WORK ORDER ▸ Take nothing but the lines from the one with "Lupa z rączką" through the one with "交易所最新数据显示,8月29" in the entries below, both ends kept, and return them exactly with pictures left out.

(Beginning of RECORDS SUPPLIED)

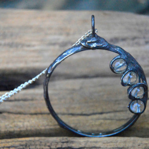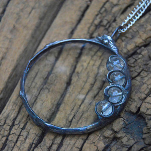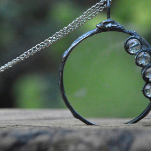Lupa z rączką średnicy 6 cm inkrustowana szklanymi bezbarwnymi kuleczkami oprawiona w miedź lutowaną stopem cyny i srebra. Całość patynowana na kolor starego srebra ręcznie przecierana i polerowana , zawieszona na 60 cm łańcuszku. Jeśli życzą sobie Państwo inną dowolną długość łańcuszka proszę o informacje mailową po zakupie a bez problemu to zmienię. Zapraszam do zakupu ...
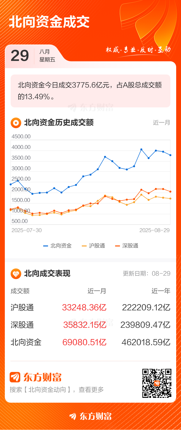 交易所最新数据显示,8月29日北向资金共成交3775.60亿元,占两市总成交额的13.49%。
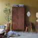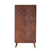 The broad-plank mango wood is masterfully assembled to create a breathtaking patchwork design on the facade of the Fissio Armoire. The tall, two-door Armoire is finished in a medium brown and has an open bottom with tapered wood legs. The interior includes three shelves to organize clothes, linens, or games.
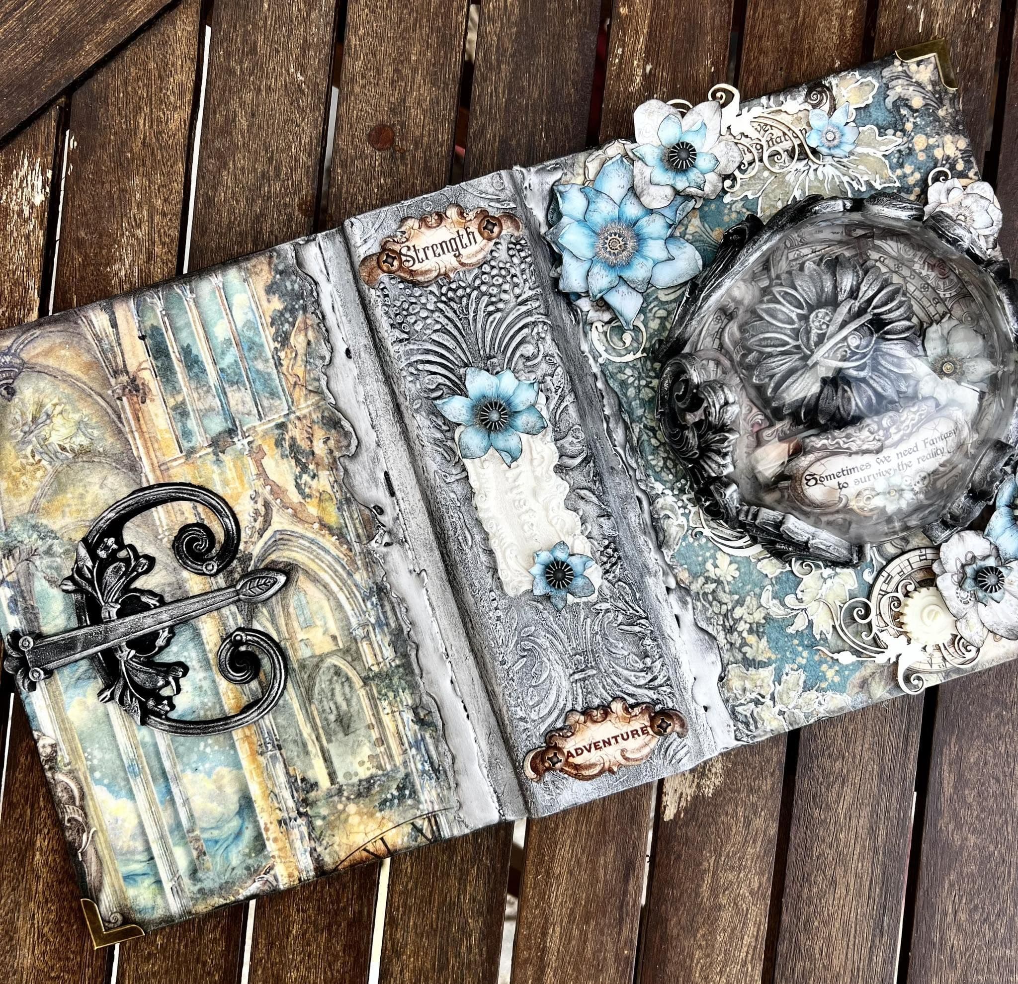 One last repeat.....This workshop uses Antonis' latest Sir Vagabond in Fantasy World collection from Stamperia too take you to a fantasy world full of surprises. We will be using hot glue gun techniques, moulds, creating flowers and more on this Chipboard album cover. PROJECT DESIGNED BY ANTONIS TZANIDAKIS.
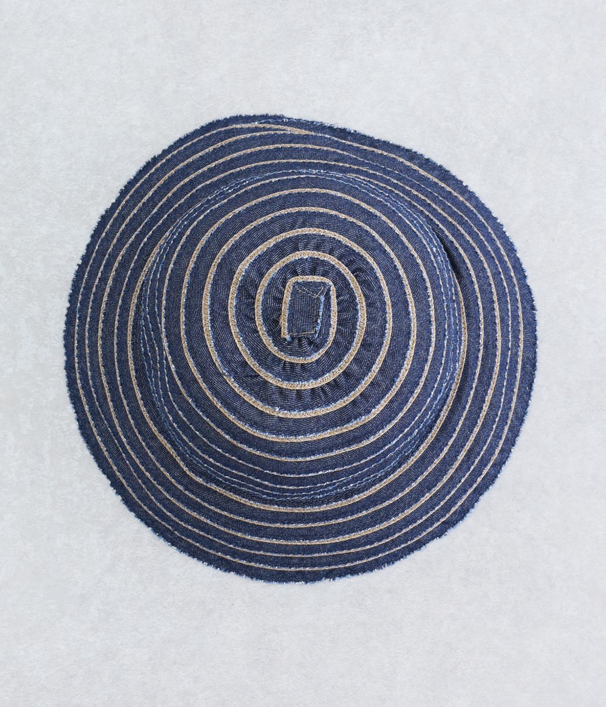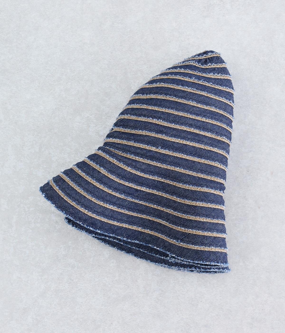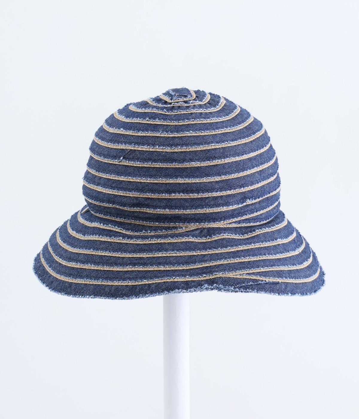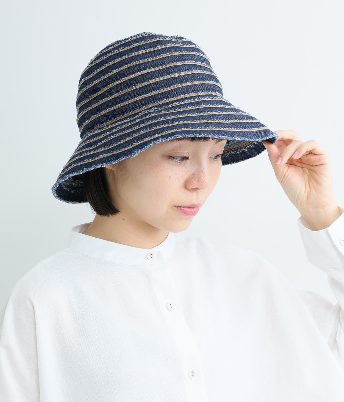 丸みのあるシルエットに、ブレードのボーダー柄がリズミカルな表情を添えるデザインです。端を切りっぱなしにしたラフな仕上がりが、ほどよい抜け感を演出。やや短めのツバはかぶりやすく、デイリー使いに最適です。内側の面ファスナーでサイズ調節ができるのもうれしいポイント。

(End of RECORDS SUPPLIED)
(Beginning of RECORDS SUPPLIED)

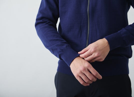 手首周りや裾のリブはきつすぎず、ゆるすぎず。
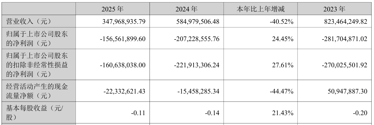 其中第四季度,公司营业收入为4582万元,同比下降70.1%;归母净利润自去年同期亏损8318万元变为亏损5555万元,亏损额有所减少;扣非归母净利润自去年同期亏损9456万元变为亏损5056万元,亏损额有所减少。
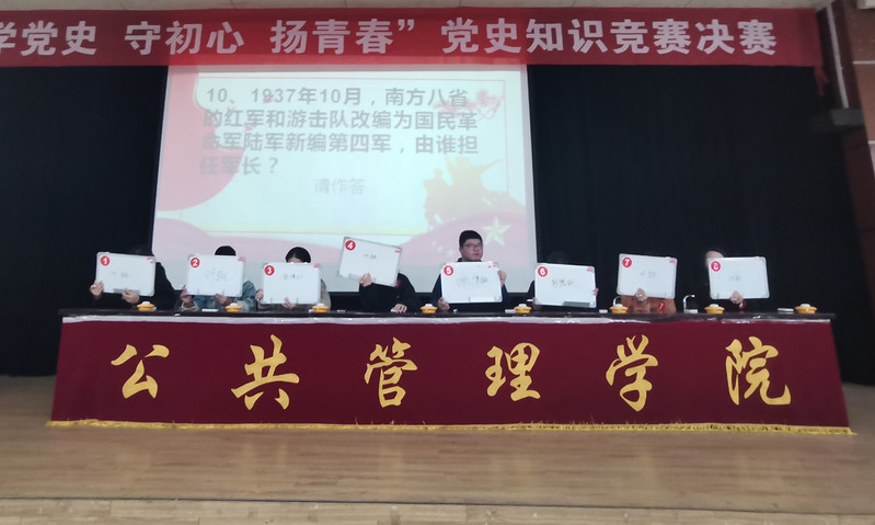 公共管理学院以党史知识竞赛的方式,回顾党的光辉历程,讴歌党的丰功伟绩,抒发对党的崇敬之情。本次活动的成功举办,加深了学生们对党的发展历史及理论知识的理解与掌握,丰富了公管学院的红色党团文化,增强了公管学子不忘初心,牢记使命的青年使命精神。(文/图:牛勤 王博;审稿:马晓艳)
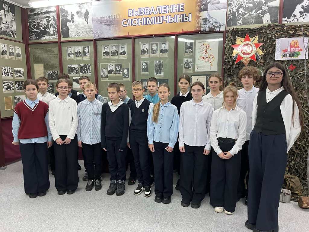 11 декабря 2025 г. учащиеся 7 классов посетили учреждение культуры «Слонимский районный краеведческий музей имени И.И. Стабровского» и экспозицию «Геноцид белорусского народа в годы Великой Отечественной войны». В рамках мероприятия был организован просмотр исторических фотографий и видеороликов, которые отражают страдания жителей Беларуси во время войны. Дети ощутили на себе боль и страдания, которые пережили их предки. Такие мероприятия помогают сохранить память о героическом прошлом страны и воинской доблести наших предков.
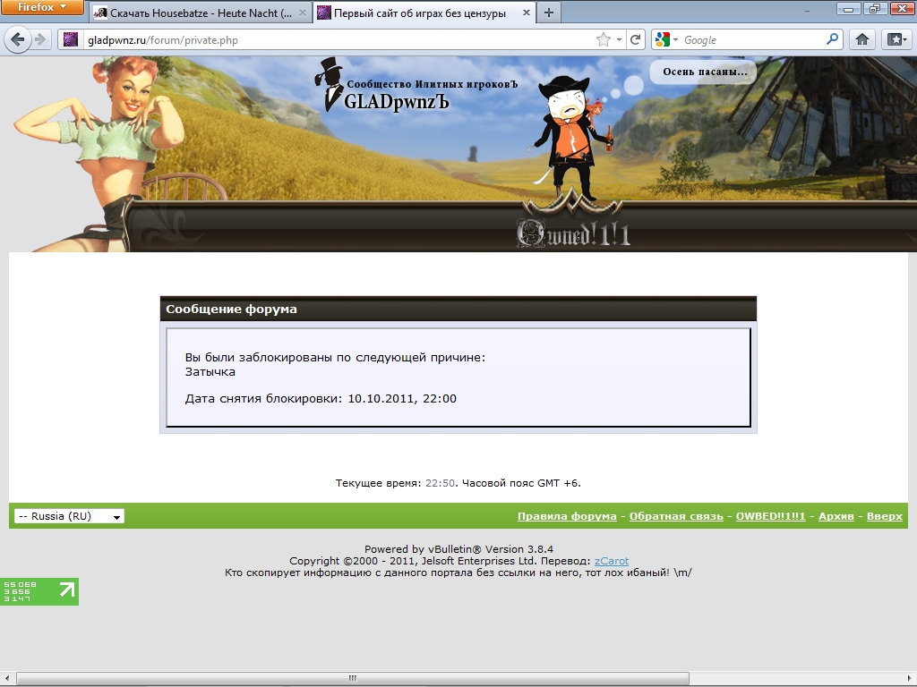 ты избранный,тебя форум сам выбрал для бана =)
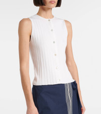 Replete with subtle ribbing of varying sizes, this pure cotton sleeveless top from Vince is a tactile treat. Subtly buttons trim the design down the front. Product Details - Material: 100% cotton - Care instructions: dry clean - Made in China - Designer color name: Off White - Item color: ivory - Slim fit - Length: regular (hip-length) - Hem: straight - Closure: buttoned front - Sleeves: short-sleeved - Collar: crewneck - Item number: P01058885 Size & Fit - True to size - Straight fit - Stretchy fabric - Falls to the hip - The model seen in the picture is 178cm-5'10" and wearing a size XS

(End of RECORDS SUPPLIED)

TASK RESULT ▸
Lupa z rączką średnicy 6 cm inkrustowana szklanymi bezbarwnymi kuleczkami oprawiona w miedź lutowaną stopem cyny i srebra. Całość patynowana na kolor starego srebra ręcznie przecierana i polerowana , zawieszona na 60 cm łańcuszku. Jeśli życzą sobie Państwo inną dowolną długość łańcuszka proszę o informacje mailową po zakupie a bez problemu to zmienię. Zapraszam do zakupu ...
 交易所最新数据显示,8月29日北向资金共成交3775.60亿元,占两市总成交额的13.49%。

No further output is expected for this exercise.